Spanien stürmt ins bronzen-duell: karate-team kämpft in frankfurt um medaillen-rekord
Die spanischen Kata-Teams schrammten haarscharf am Finale vorbei – jetzt greifen sie nach dem nächsten Edelmetall. Am Sonntag verwandelt sich der Frankfurter Messe-Floor in eine Schicksals-Arena: Drei Bronzekämpfe, eine Gold-Chance, ein Kontingent, das die Delegación de oro vor Jahresfrist in Armenien kaum für möglich gehalten hätte.
Die männer revanchieren sich gegen polen
Raúl Martín, Iván Martín, Alejandro Galán und Antonio Lozano fegten zunächst Ungarn mit 7:0 und Montenegro mit 6:1 vom Tatami. Im Halbfinale schlug Turkiye zurück – 3:4, ein Punkt, der zwischen Triumph und Trauer schwankte. Nun warten die Polen. Wer das Match live im Stream verfolgt, wird sehen, ob die Vier den Schwung der Vorrunde wiederfinden oder ob die Niederlage gegen die Türken noch in den Gliedern nagt.

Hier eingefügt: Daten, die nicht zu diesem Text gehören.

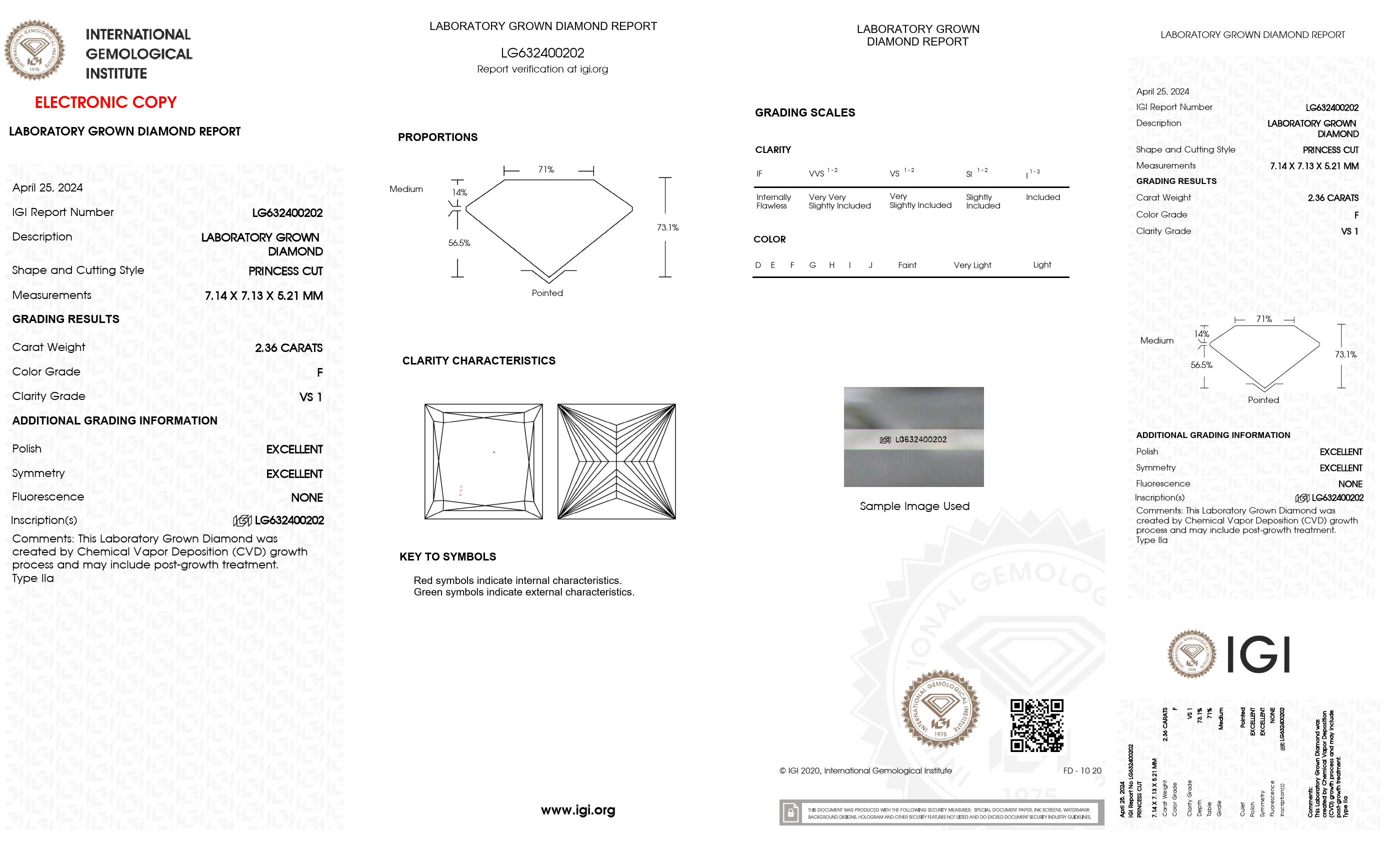 2.36 Ct. Princess Wholesale IGI Certified Lab Grown Loose Diamond. (Clarity VS1 / F Color)

Bei den Frauen lief es ähnlich dramatisch. Carla Guardeño, Irene Yao und Paola García – letztere steht bereits in der Einzel-Finale – zerlegten Turkiye 6:1 mit der Kata „Papuren“. Gegen Italien setzten alle auf „Chatanyara Kushanku“, doch die Jury tippte 5:2 für die Transalpinen. Jetzt heißt der Gegner Montenegro, ein Match, das Spanien vor zwölf Monaten noch locker gewann. Die Geschichte droht sich zu wiederholen – oder zu wenden.

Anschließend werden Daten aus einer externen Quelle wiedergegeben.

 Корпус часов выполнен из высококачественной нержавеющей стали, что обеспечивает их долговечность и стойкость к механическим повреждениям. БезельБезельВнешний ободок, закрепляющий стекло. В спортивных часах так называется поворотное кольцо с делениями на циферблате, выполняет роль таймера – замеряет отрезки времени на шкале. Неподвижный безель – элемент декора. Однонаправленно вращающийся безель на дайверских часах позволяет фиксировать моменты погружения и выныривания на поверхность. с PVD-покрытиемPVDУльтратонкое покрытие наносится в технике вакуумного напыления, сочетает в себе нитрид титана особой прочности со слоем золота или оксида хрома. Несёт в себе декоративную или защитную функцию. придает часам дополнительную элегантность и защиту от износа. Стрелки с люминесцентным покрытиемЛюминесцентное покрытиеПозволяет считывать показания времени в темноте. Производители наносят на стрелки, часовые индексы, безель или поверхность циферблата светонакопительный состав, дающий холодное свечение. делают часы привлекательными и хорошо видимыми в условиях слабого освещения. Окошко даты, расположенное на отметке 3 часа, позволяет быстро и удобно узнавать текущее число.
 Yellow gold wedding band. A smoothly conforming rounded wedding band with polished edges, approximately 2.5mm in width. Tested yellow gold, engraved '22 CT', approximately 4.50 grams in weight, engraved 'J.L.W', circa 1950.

Kumite-kracher: nieto trifft auf europameisterin
Isabel Nieto (-68 kg) ist die letzte Hoffnung im Vollkontakt. Die Madrilenin traf sich in der Vorrunde bereits auf die amtierende Champion Ema Sgardelli und verlor knapp. Weil die Kroatin das Finale erreichte, rutschte Nieto durch die Repêchage zurück ins Bronzegeschäft. Am Nachmittag tritt sie gegen eine unbekannte Kontrahentin an – ein Neuanfang, der nur drei Minuten dauern kann.
Zuvor hatten Mireia Vizuete (-50 kg) und Unai Chica (-60 kg) dieselbe Schiene bis zur Repêchage genagelt, doch dort endete der Traum mit einem K.o. gegen Patricia Nastas bzw. Nedim Shaquiri. Ruth Lorenzo verlor 0:1 gegen Nejra Sipovic, die später in Rom Premieren-Gold holte – ein Trost, der kaum schmeckt.

Live-timer läuft: neue hoffnung im team-kumite
Während die Kata-Athleten noch auf die Matte warten, starteten die Kumite-Teams gerade in die ersten Ausscheidungen. Spanien meldet sowohl bei den Männern als auch bei den Frauen komplette Formationen an. Die Staffel gilt als Geheimfavorit: schnelle Beine, enge Deckung, ein Trainerstab, der Daten bis ins Detail analysiert. Wer jetzt einsteigt, sieht vielleicht den nächsten Medaillen-Moment live – bevor die sozialen Kanäle ihn zerreißen.
Die Bilanz nach zwei Wettkampftagen: zwei gesicherte Bronzekämpfe, eine Gold-Chance, vier knapp verpasste Podeste. Die Delegación reist nicht mit leeren Händen nach Hause – sie reist mit offenen Rechnungen. Und mit dem Wissen, dass in Frankfurt nicht nur Metall zählt, sondern auch Ranglistenpunkte für Paris 2028. Wer heute trifft, baut sich ein Fundament für Olympia. Wer verliert, beginnt von null – mit dem Adrenalinstoß, der Spaniens Karate seit jeher antreibt.